“夫人,那咱们怎么办?趁着现在娶亲的日子还未定下来,早点让老爷知道这些事吧。如此也好过您跟着受气。”
沈归题猛的睁开眼,眼神空洞的望着房梁,轻轻的叹了一口气。
“如今东西都好好的待在库房里。我爹如何会相信我的空口白牙?除非……”
她微微勾了勾唇角。
“说起来沈家许久没有热闹过了,就是咱们侯府也有好几年没有办过什么宴会,请一请各家的夫人小姐。”
清茶脸上的表情几度变化,她不明白自家夫人为什么这时候还有心情办宴会?
现在人家已经到了火烧眉毛的紧要关头。
况且姥爷要娶这样的人做妻子本就事件极其丢人的事,夫人不想着如何遮掩,竟然还开宴会。
这不是要将沈家的事丢在众人面前,由着他们议论吗?
这实在不像夫人的作风。
以往夫人是最重脸面的,不论什么时候都不曾将梁府的脸面丢在外头,有着旁人踩。
可清茶很快又想到了二夫人当初轻信旁人,落下那么大亏空来求夫人时的情形。
当着那么多族人的面夫人可都没松口,显然一点也不在乎侯府的脸面。
那现在不在乎沈家的脸面,好像也不是不能接受。
“这阵子沈家的桂花开的很好,便给各府的夫人小姐下张帖子,请她们过府一叙。”
沈归题已经想好了新的对策,白天将帖子送出去,晚上就同沈太保说了要办宴会的事。
“爹,咱们沈家自我出嫁后就再也没办过像样的赏花会了。刚好趁着我这阵子在家办个桂花宴,也好让宋嬷嬷知道往后这些宴会该如何操持。我也能趁着这次机会带着宋嬷嬷见一见京城中的夫人小姐,日后在宴席上碰见了也能寒暄几句。”

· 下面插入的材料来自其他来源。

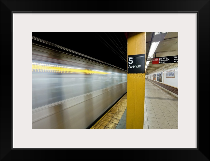 <p>Subway station and train in motion, Manhattan, New York City, New York, United States of America, North America</p>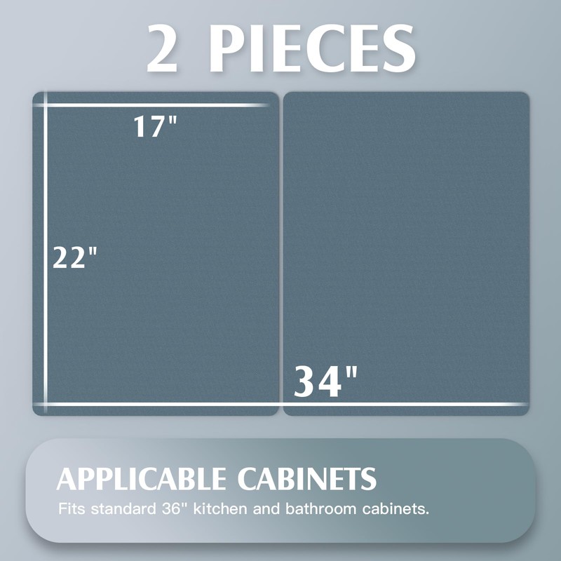 - Two-piece Design Fits More:The under sink mat 22x34 is designed for standard 36" kitchen and bathroom cabinets. The double-piece design of the under kitchen sink mat can be applied to under-sink environments with different plumbing designs, so you won't have to worry about it anymore.

沈归题字字句句都是在为沈家打算,每一个字都没说沈家的脸面,但字字句句都是说沈家的脸面。
她希冀的目光将宋德兰和杨丽霞上上下下打量了个遍。
“宋嬷嬷明天带着丽霞妹妹去趟汝阳绣坊,我让绣娘给你们做身儿参加桂花宴的衣裳,也算是第一次带你们在京城夫人圈子里露个脸。
等往后你嫁入沈家和夫人交际时也能有话说。”
沈归题的目光最后落在脸颊微红的杨丽霞身上,“丽霞妹妹也快到了说亲的年纪,宋嬷嬷在夫人间有脸面她也能嫁的好些不是?”
宋德兰心里惴惴不安,总觉得事情没这么简单,可怎么也说不出拒绝的话来。
对方把台阶铺的这样足,理由给的这般冠冕堂皇。她若是拒绝,打的不仅仅是沈归题的脸,更是将沈太保的脸也一并打了。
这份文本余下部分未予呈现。